◆ **WHAT THIS TASK INVOLVES**:
For this exercise, retype all the data exactly and exclude every image.

______

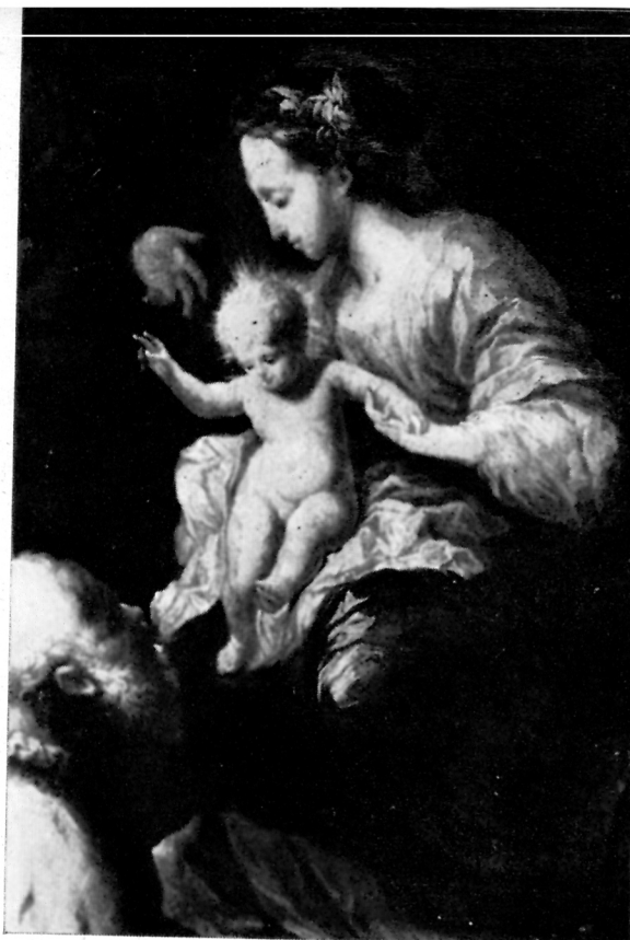
Valerio Castello: Poklonstvo kraljeva , galerija »Benko Horvat«, Zagreb, total i detalji
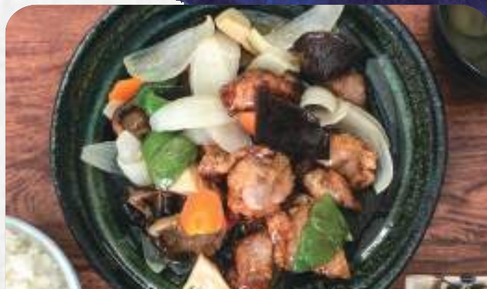
豚肉の黒酢あんかけ定食 1,080円 単品930円
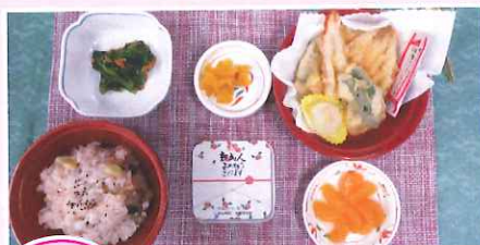
成人の日 赤飯・天ぷら・ピーナッツ和え・つぼ漬・みかん缶

今月は、成人の日と節分に提供した食事を紹介します。栄養管理室では、「安心・安全」な食事に心がけて、栄養管理と調理を行っております。
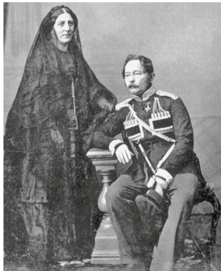
Николай Николаевич и Екатерина Николаевна Муравьевы-Амурские. Западная Европа, 1860 г. (Из фондов Государственного Исторического музея).
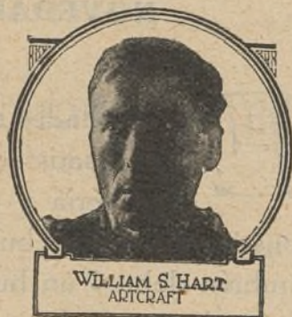
WILLIAM S. HART ARTCRAFT

Si el interés de los tres tomos restantes no decae, cosa que no esperamos, «Trabajo», será una de las mejores creaciones de la cinematografía francesa.
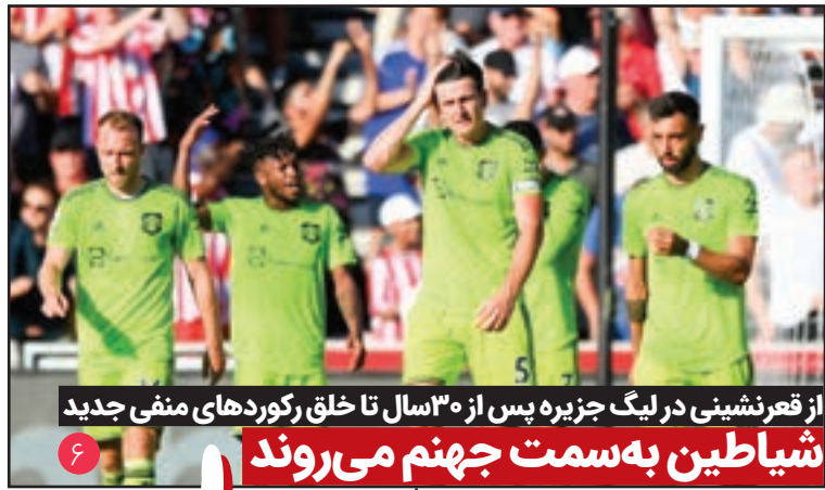
از قهرنشینی در لیگ جزیره پس از ۳۰ سال تا خلق رکوردهای منفی جدید شیاطین به سمت جهنم می‌روند

______

◆ **FINISHED TASK**:
Valerio Castello: Poklonstvo kraljeva , galerija »Benko Horvat«, Zagreb, total i detalji
豚肉の黒酢あんかけ定食 1,080円 単品930円
成人の日 赤飯・天ぷら・ピーナッツ和え・つぼ漬・みかん缶

今月は、成人の日と節分に提供した食事を紹介します。栄養管理室では、「安心・安全」な食事に心がけて、栄養管理と調理を行っております。
Николай Николаевич и Екатерина Николаевна Муравьевы-Амурские. Западная Европа, 1860 г. (Из фондов Государственного Исторического музея).
WILLIAM S. HART ARTCRAFT

Si el interés de los tres tomos restantes no decae, cosa que no esperamos, «Trabajo», será una de las mejores creaciones de la cinematografía francesa.
از قهرنشینی در لیگ جزیره پس از ۳۰ سال تا خلق رکوردهای منفی جدید شیاطین به سمت جهنم می‌روند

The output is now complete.